根本看不出来。
转眼之间,秦观肩膀上的毒疮消失得一干二净,只留下月凤栖刚刚割开的伤口,伤口没了黑血的淤堵,新鲜温热的干净血液很快从中流了出来。
“咳……咳……”
一阵微弱的咳嗽声打破了室内的沉寂,秦观缓缓睁开了眼睛,看清面前眉眼冷淡的大妖,他有些怔然道:“月君大人,您怎么会在这里?”
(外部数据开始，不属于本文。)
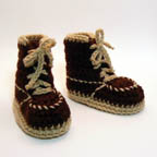 For those of you out in the wild, wild west who make your home on the range, these are the perfect little booties for your cowboy. Shown here in a warm brown and chocolate brown combination. These are also available in a baby blue and white combination. Lasso up a pair or two today. Yee haw!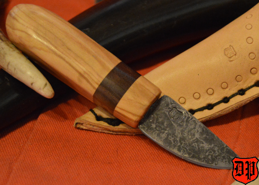 Der Griff wurde ebenfalls in Handarbeit hergestellt und besteht aus Olivenholz und Garapa.

月凤栖暗金色兽瞳中透出一抹冷意,淡淡掠过他的脸庞:“你今日见了妖后?”
秦观有些奇怪月凤栖怎么知道此事,不过想来月君大人眼观六路耳听八方,自有自己的法子,他便也没有多问,只是微微颔首,简单应了一声“嗯”。
月凤栖:“以后,不要再出现在她面前。”
似乎是叮嘱,又像是命令。
这段时日以来,秦观已渐渐适应了月凤栖那副居高临下的姿态,对方说出口的每一句话都像是训诫,即便是关心的话,到他嘴里也会完全变了味道。
“知道了。”
秦观刚清醒过来,十分疲惫,难得地没有顶嘴。
月凤栖站起身,低头望着仍有些发怔的秦观,湿漉漉的乌发贴在那张薄红的脸颊上,有种说不出的脆弱可爱,仿佛每日在他怀中达到顶点时一样柔顺乖巧,眼眸不禁深沉了几分。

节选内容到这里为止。